Hunt For a Lover
All preparations get started early by January for Feb 14th, preparing valentine cards and gifts for their special ones. I saw the huge crowd to where it went analyzing why this has to be celebrated and for what. I wished to know as to whom I should show and pour out my love. Though I got saved earlier during my schooling, knowing Jesus, I was wanting for my parent’s and worldly love. None was there to satisfy my soft little heart which needed infinite love. I wanted to know my true valentine. I was browsing the net to know what a valentine’s day is. I found that it was just to remember the man valentine who gave his life for his wife on account of his love.
Then I went through the Bible. I came to know the true valentine, having brightest days ahead. First I prayed God to give me someone to care when I really felt missing my parents at hostel. It was at this time that the Lord talked to me through John 3:16. It says “For God so loved the world that He gave His only begotten Son that whosesoever believeth in Him should not perish but have everlasting life”. How great this love is giving His only son that too for my cause? Gen 1:26,27 tells that out of love God made me and gave me full dominion over the sea, birds of the air, the cattle etc. And that He had made me out of his own image breathing into me the breadth of life. I came to know that “God needed to have a fellowship wit me”. I really felt ashamed when I realized that Jesus was waiting for a fellowship with me but me a fool was waiting for fake worldly love. I realized that how Jesus would feel if I don’t show my love in turn! I started to love Jesus.

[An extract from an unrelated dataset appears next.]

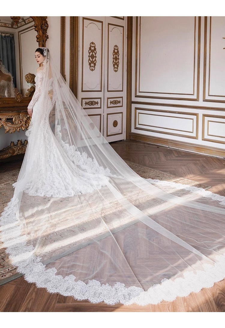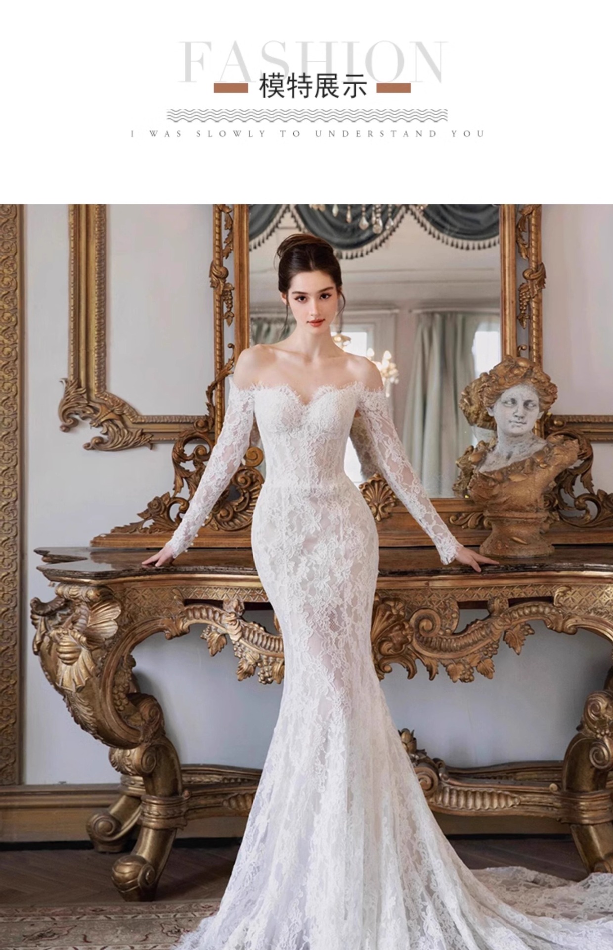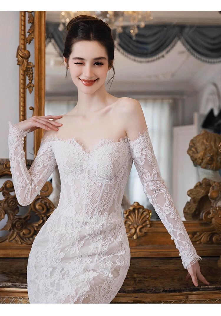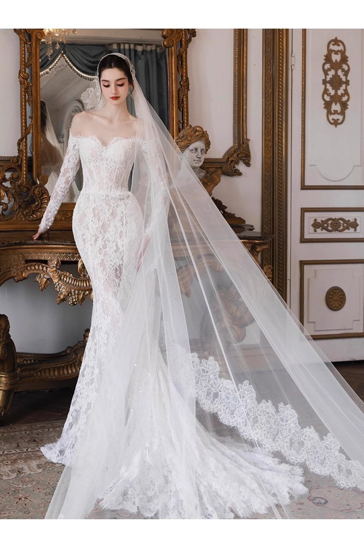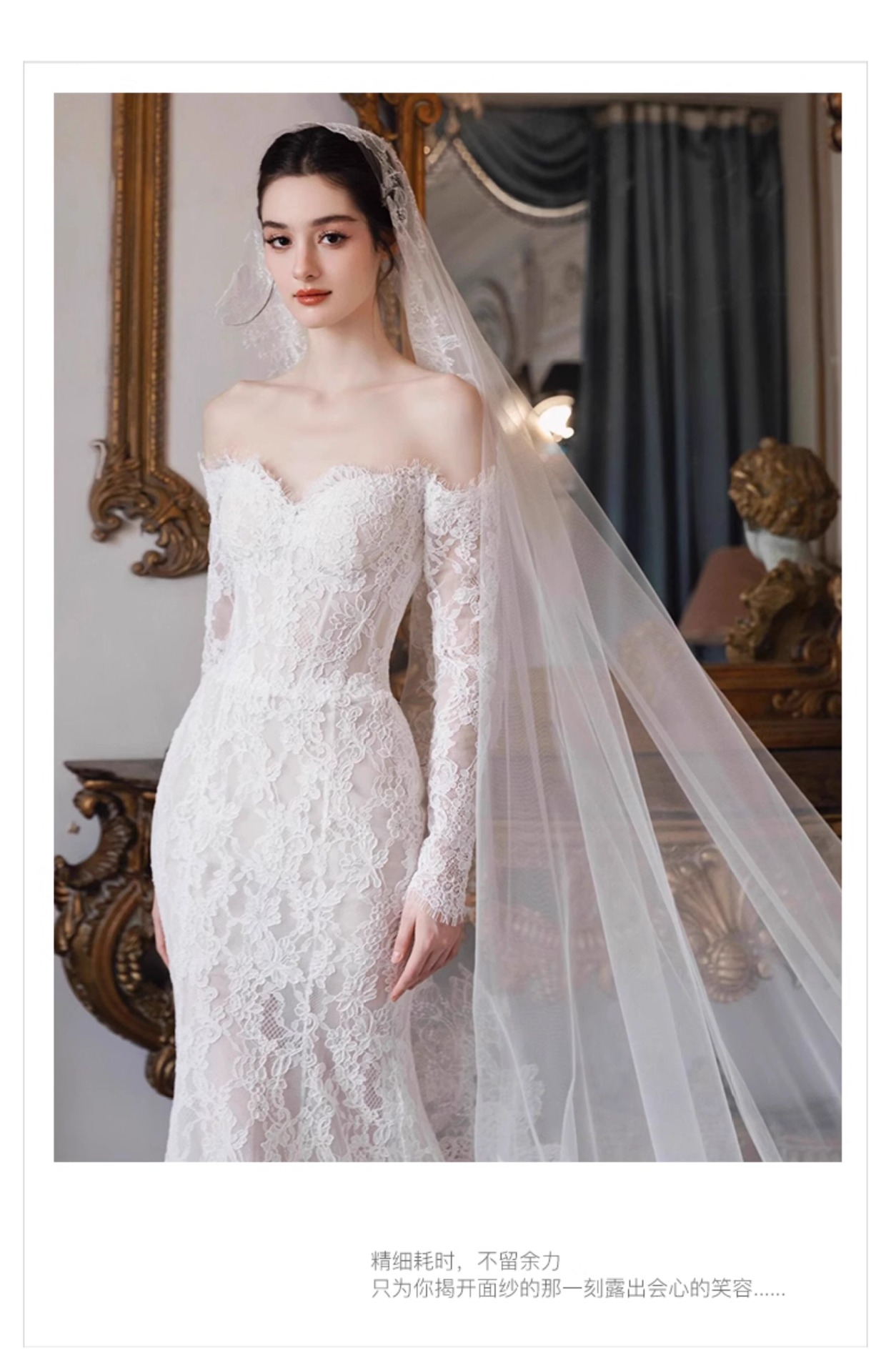 Gaun Pengantin Renda Ringan Ekor Ikan Lengan Panjang Bahu Gaya Perancis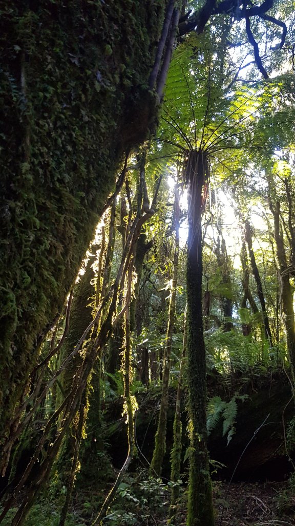 Over the stile we entered a beautiful stretch of rainforest, well graded with grand trees stretching tall above us. It was magical under the canopy with the afternoon light filtering through.

The next verse through which God spoke was exodus20:5 which say that “For I the Lord your God am a jealous God”. Exodus 20:3 says that “You shall have no other Gods before me.” I was happy at this verse because I was sure that I worshipped the one and only living God Jesus. But God talked to me telling that “If anyone replaces His position in my heart and if I give first importance to someone else instead of Him, then it becomes an idol”. I was really guilty, sad and disgusted. It was at this time that I had to forget many people in my life whom I considered so dear. When I self-analyzed myself I found that I had given them much place in my heart that I wasn’t able to live without talking to them. But on the other hand my gracious Lover comforted me. At this point of my life I understood and experienced the true love, care and comfort of Jesus. I understood that it is GOD IS LOVE and not God has love. Love is an essence of God’s character. Life changed. Each minute I used to talk to my Jesus in class and at hostel. He taught me through Exodus19:5 that if I keep His covenant& obey Him, He’ll have me as a special treasure above all people. This was what I expected to get from the world but came to know that only Jesus could have me so special. The youth blood is something which has capacity to show extreme affinity to someone and that’s why Bible says “Remember the Lord in your youth.” When I accepted Jesus as my LOVER, I spent time with Bible and prayer instead of my mobile. I found out what peace is. Praise God.